We could focus on the τ^2 variant that is more recent.

Evaluation metadata

Provide all available

  • Paper url: https://arxiv.org/abs/2406.12045
  • Github url: https://github.com/sierra-research/tau-bench
  • Dataset url: simulated

lewtun avatar Jul 24 '25 22:07 lewtun

Hi, would it be okay if an external contributor worked on this task?
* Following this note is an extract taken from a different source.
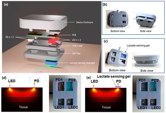 The device depicted in Figure 3a incorporates modern sensor technologies into a compact, wearable format for real-time, non-invasive, and concurrent monitoring of lactate and tissue oxygenation. It consists of two major functional components: the hydrogel-based lactate sensor and the near-infrared (NIR) sensor, both crucial for monitoring biochemical and physiological alterations in the body [47]. The device enclosure was precisely designed to facilitate secure integration of various components, guaranteeing durability, adaptability, and user-friendliness for ongoing wearable monitoring. This enclosure was 3D printed using a DLP printer, ensuring easy customization and high-resolution fabrication. The device enclosure comprised three essential parts: a top cover, a PCB cover, and a gel tray, all of which were assembled to provide structural integrity and facilitate the placement of the hydrogel sensor.

yijun-lee avatar Sep 08 '25 10:09 yijun-lee

We'd be delighted! :)

clefourrier avatar Sep 08 '25 11:09 clefourrier

Hi @yijun-lee just FYI that the tau2_bench data is stored directly in their GitHub repo, so I created a copy on the Hub that can be downloaded at runtime: https://huggingface.co/datasets/HuggingFaceH4/tau2-bench-data

Note that this is a very complex benchmark and that for the vLLM backend, one must specify a specific tool-calling and reasoning parser to get correct results:

  • https://docs.vllm.ai/en/stable/features/tool_calling.html
  • https://docs.vllm.ai/en/stable/features/reasoning_outputs.html

You can see in my fork, how I run both a local user and assistant agent with vLLM: https://github.com/huggingface/tau2-bench/blob/trl-internal/run_tau2_local.sh

lewtun avatar Sep 08 '25 14:09 lewtun

A potential implementation using inspect: https://github.com/groq/openbench/pull/294

xeophon avatar Nov 10 '25 16:11 xeophon